Sprint CEO's '08 compensation valued at $15.5 million

30.03.2009
Although his company lost more than 4 million wireless subscribers in 2008, CEO Dan Hesse received an executive compensation package that the company valued at US$15.5 million.

 

Hesse's compensation includes a base salary of $1.2 million and a performance bonus of $2.7 million, as well as $287,000 in 401(k) and reimbursement expenses. The rest of his compensation package last year came in the form of stock awards and option grants, which the company valued at $11.3 million at the time they were issued.

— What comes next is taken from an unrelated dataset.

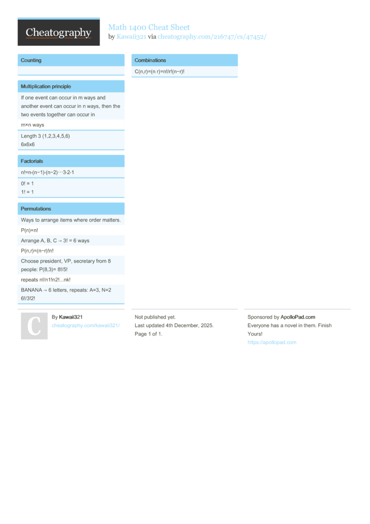 Math 1400 Cheat Sheet (DRAFT) by Kawaii321

However, the company points out that Hesse's compensation is worth significantly less today than when it was issued because Sprint's stock price had collapsed to $1.83 per share by the end of 2008 after trading for around $13 per share one year earlier. Because of this steep loss in stock value, the company says that Hesse's stock-based compensation for 2008 was worth $3.3 million at the end of the year, making his total compensation package for the year worth $7.4 million.

A Sprint spokesman told the that the company's board of directors thinks that stock-based compensation is the "most effective" way to measure executive performance. Referring to Hesse's total compensation package, the spokesman said that because Sprint's stock "did not perform as well as we had hoped... Hesse's compensation dropped by 52% at the end of the year."

2008 was a difficult year for Sprint, as the carrier posted an annual loss of $2.8 billion, and 2009 didn't start off much better, as the company wound up laying off 8,000 workers in January. On the plus side, the company's churn rate -- or the rate at which its customers cancel their service -- dropped to 2.15% in 2008, down from 2.23% in 2007. Even more encouraging is that the 2.16% churn rate that the company posted in the fourth quarter was down significantly from the 2.29% churn rate that the company reported in the fourth quarter of 2007.